Learning and growth are like a limitless reservoir, but we have factors in our culture that limit our access or control or faith that it could even work, or our feeling of ownership of knowledge of growth and learning. Experts. Timetables and charts.
Just in case it would help anyone else to think of it as the flow of water but siphons and hand pumps are unfamiliar, here are some pictures (and they're just interesting anyway):
The one on the left is from Bison Pumps (in Maine). It's a modern version of the cast iron pumps I knew from the mid-20th century (center photo). On the right is a pump from Finland. They're manufacturing pumps in Ghana and Tanzania
This one is very interesting, and leads on to another connection: The water container is plastic, but it's a traditional pottery design
. In the U.S. we have plastic water buckets, but they're a traditional metal bucket design. (Thanks to Hema Bharadwaj for the link to photos of the non-plastic water containers in use in India.)
added in March 2009, another photo of those water jugs from India. Click it to go to its source (other photos of India):
Thinking about this, though, our current plastic gallon "milk jugs" are based on pottery or glass bottles, only made squarish so they can be packed in safely and tightly for transport. Here's a combo, then: older pump on a forest service site, and people filling up modern "milk jugs" (in New Mexico or Colorado, early 21st century):
Siphoning used to be common for moving gasoline. Gross. I've seen my dad do it many times. In the 70's when gasoline prices went up, people would steal gasoline from cars. Before that, I never saw a locking gas cap. They sold metal springs (like a funnel of coiled wire) to mount inside gas tanks so a siphon hose couldn't be inserted, too.

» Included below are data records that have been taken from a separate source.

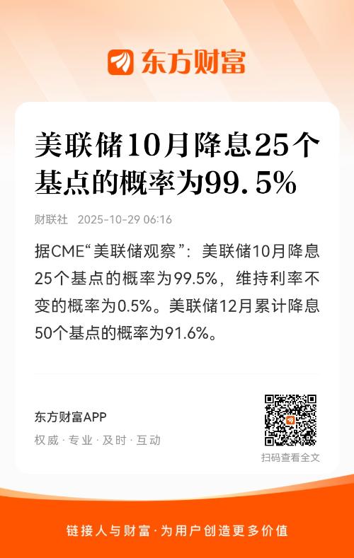 据CME“美联储观察”:美联储10月降息25个基点的概率为99.5%,维持利率不变的概率为0.5%。美联储12月累计降息50个基点的概率为91.6%。
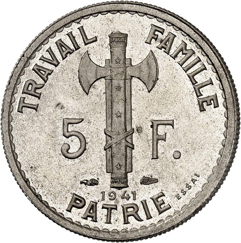 Rv. TRAVAIL FAMILLE PATRIE. Bâton de maréchal noué avec deux francisques, accosté de 5 - F et des (différents) ; au-dessous (date) ; ESSAI à droite.
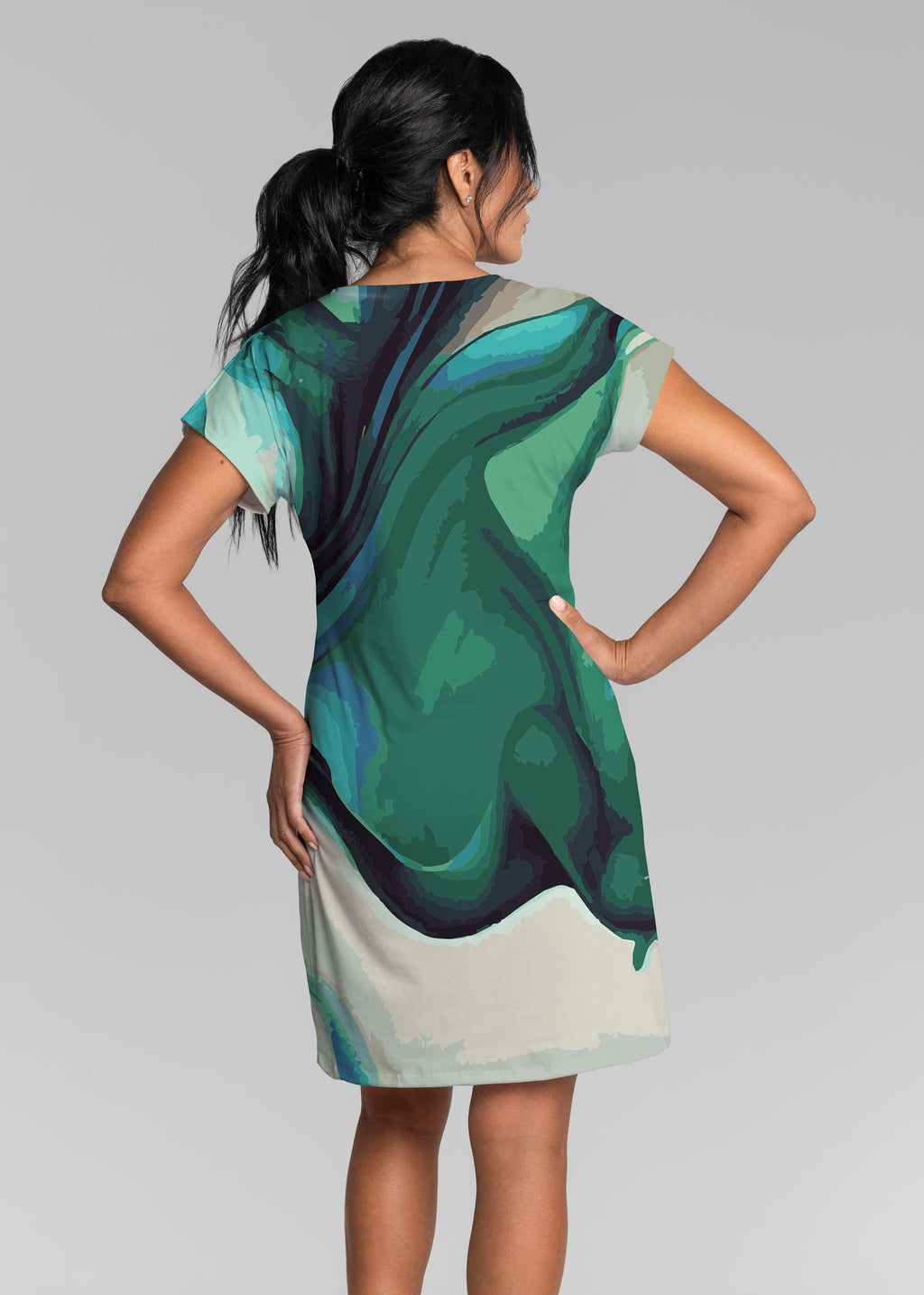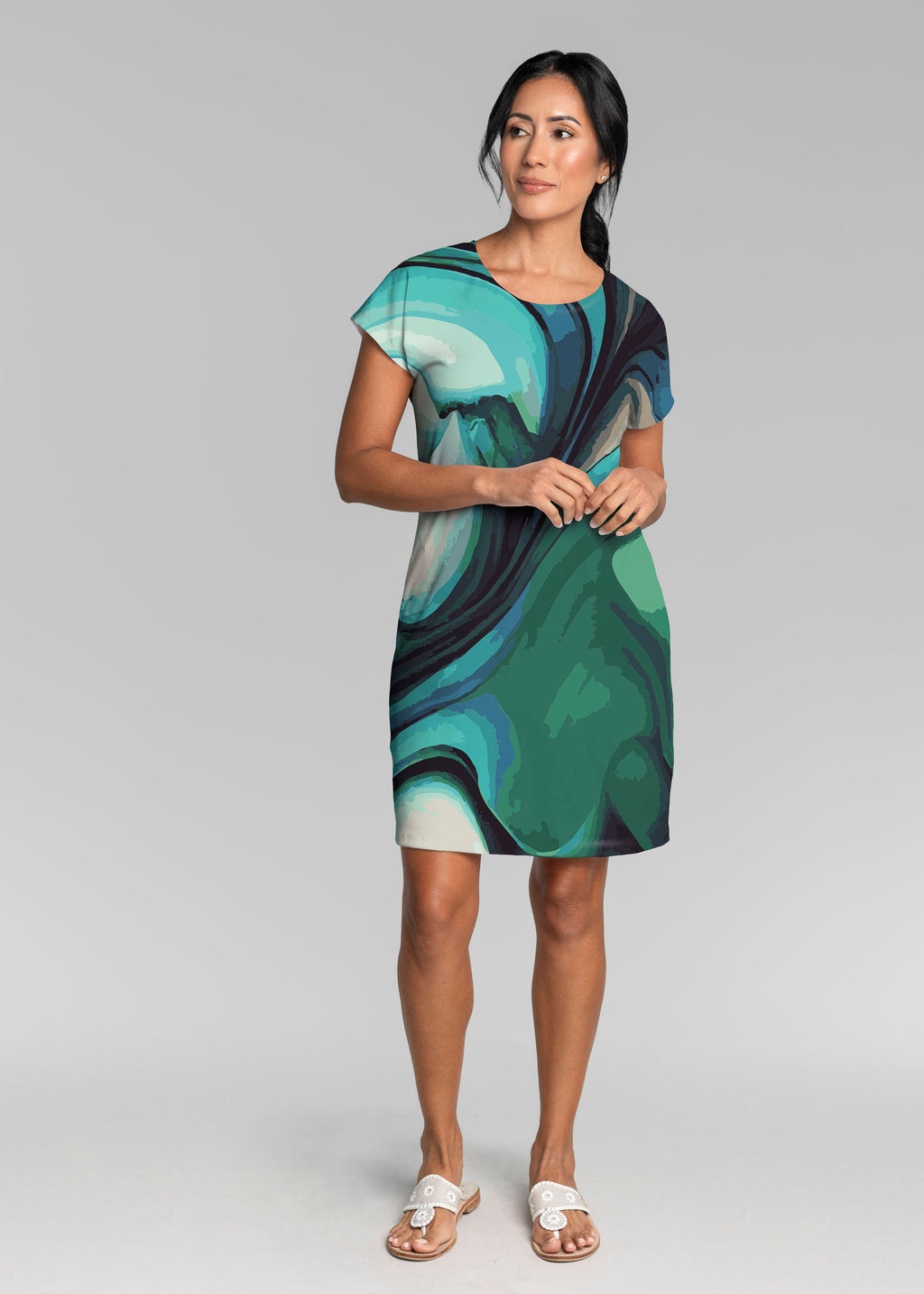 Our Lucy Tee Dress is effortless, versatile and soft to the touch -- perfect for all day style and comfort. A soft crew neckline, seamless sleeve and a relaxed shape made in our vibrant Lucy fabric ends above the knee.

I never thought of siphoning gasoline again until this week. We have a conversion van we've used for out of town trips. I went with Keith to Costco, the least expensive gasoline in town, and we put $102 worth of gasoline in there. Then a few days later, it wouldn't start and it's in the shop. I'm thinking "We need to get that gasoline back out of there!"
If we were to decide to do that, though, I would try to rig something with the shop vac. (Ah... there are all kinds of hand-squeeze and small-pump plastic siphons for doing this now.)